**EXERCISE PROMPT**
Please quote exactly the lines below from the line containing "2 pc Memory" to the line containing "- Kompatibilný s", both lines included, and nothing else.

**PROVIDED ENTRIES**
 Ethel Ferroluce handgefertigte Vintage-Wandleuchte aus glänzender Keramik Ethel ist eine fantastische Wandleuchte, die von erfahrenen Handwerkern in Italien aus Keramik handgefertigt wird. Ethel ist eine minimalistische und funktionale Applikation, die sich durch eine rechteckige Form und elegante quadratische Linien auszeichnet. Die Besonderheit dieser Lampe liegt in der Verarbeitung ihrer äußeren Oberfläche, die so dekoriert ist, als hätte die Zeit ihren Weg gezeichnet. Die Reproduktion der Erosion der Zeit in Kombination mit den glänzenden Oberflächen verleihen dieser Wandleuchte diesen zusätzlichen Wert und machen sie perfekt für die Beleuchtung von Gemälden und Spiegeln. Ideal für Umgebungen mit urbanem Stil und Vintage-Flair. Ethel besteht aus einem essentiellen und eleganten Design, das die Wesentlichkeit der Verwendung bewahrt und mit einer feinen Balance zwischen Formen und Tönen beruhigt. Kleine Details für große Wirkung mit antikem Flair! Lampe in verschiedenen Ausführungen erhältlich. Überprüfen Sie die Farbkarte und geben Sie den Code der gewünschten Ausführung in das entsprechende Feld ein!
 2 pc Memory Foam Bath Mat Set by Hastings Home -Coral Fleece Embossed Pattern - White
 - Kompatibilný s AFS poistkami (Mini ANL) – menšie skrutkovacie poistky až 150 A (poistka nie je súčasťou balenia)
---
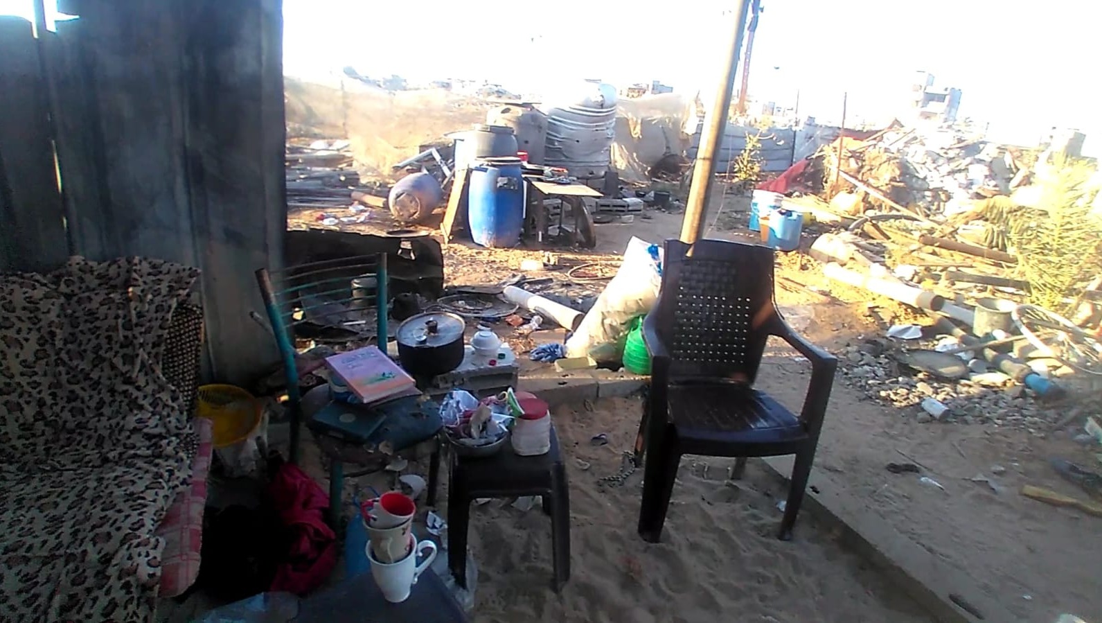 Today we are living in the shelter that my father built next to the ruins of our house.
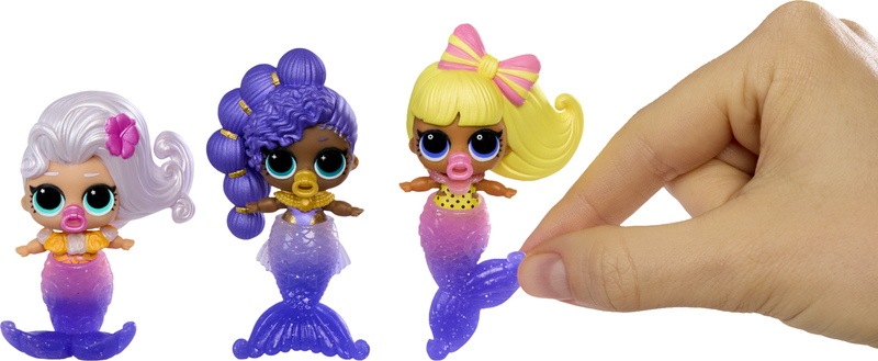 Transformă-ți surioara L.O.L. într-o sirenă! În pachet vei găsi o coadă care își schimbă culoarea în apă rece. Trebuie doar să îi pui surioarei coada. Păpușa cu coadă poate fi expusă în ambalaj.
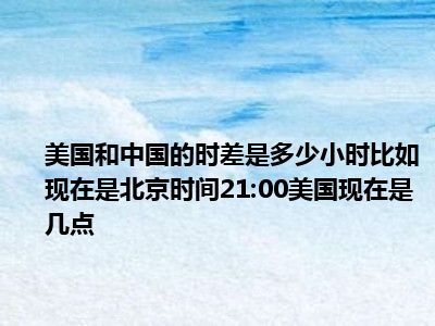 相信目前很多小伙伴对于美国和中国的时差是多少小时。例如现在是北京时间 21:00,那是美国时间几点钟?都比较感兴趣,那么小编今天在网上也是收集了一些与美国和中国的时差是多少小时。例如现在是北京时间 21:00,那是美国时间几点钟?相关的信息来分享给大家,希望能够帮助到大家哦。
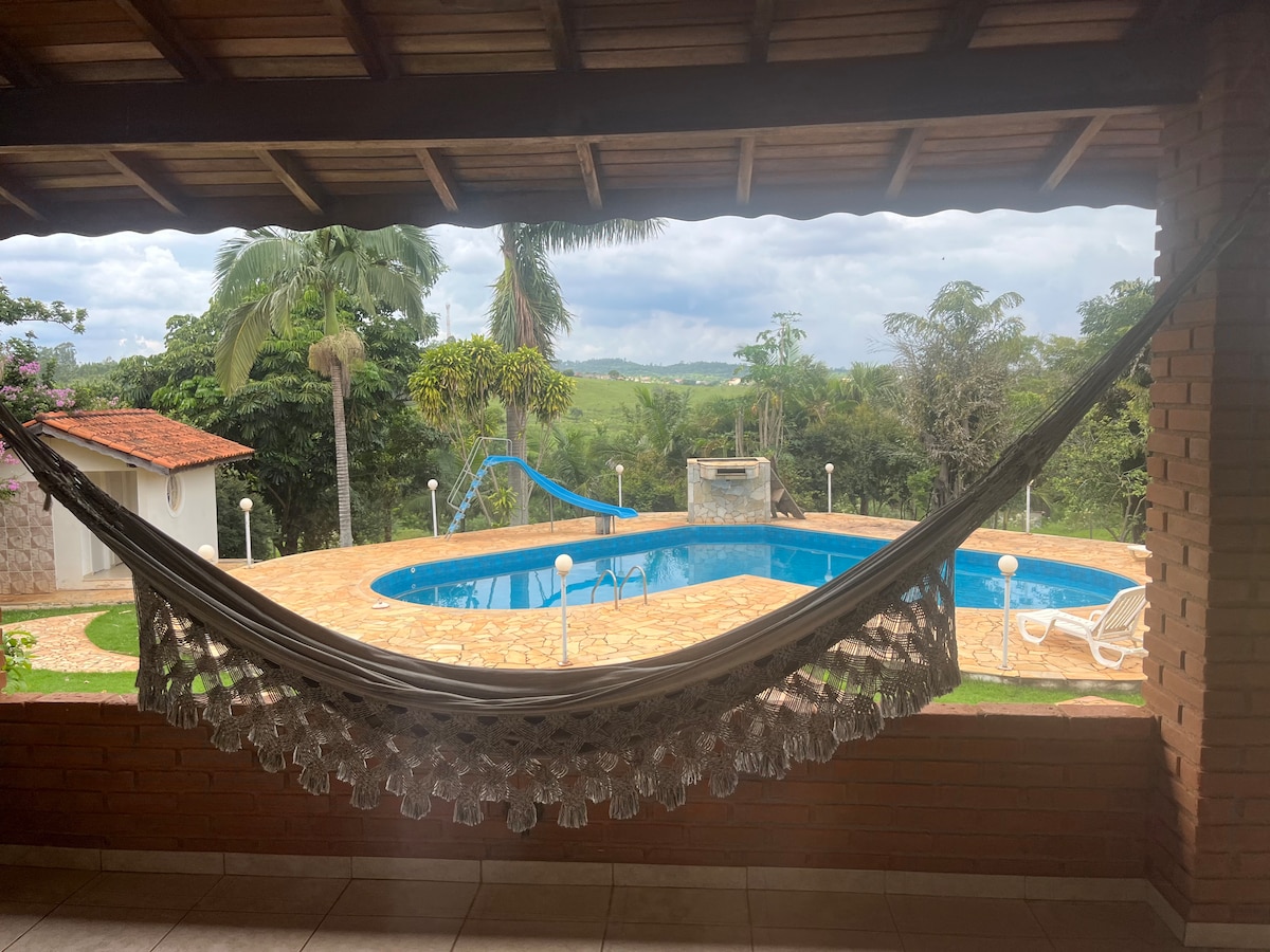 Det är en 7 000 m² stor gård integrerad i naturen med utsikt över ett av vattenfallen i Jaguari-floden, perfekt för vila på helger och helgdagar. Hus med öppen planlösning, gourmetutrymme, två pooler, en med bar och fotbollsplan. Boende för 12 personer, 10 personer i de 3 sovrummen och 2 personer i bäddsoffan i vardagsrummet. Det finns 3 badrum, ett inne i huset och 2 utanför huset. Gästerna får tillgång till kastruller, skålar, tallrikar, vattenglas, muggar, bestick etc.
...
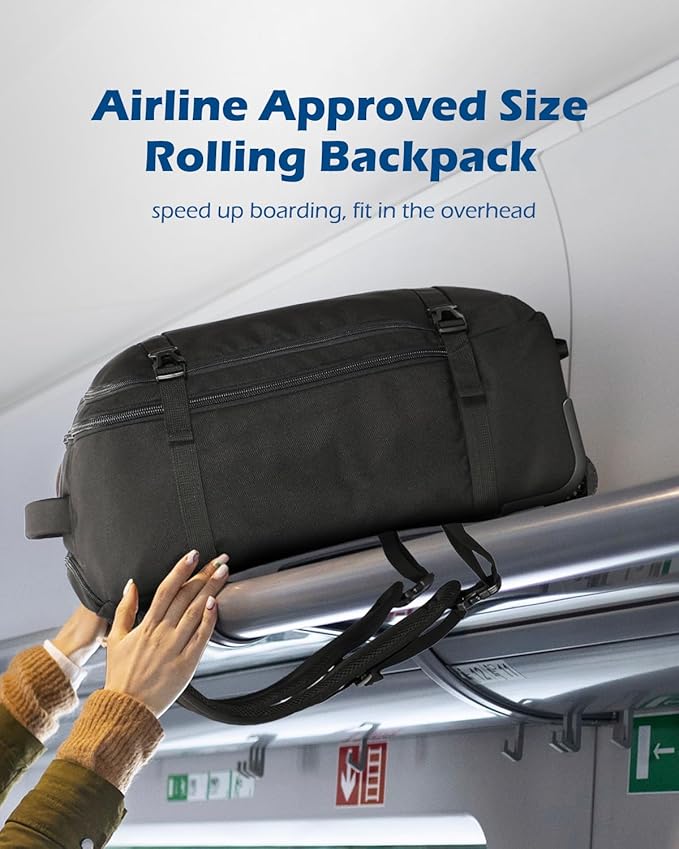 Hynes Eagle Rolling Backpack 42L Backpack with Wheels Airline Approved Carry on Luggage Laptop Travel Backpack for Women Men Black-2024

**RESPONSE AREA**
 2 pc Memory Foam Bath Mat Set by Hastings Home -Coral Fleece Embossed Pattern - White
 - Kompatibilný s AFS poistkami (Mini ANL) – menšie skrutkovacie poistky až 150 A (poistka nie je súčasťou balenia)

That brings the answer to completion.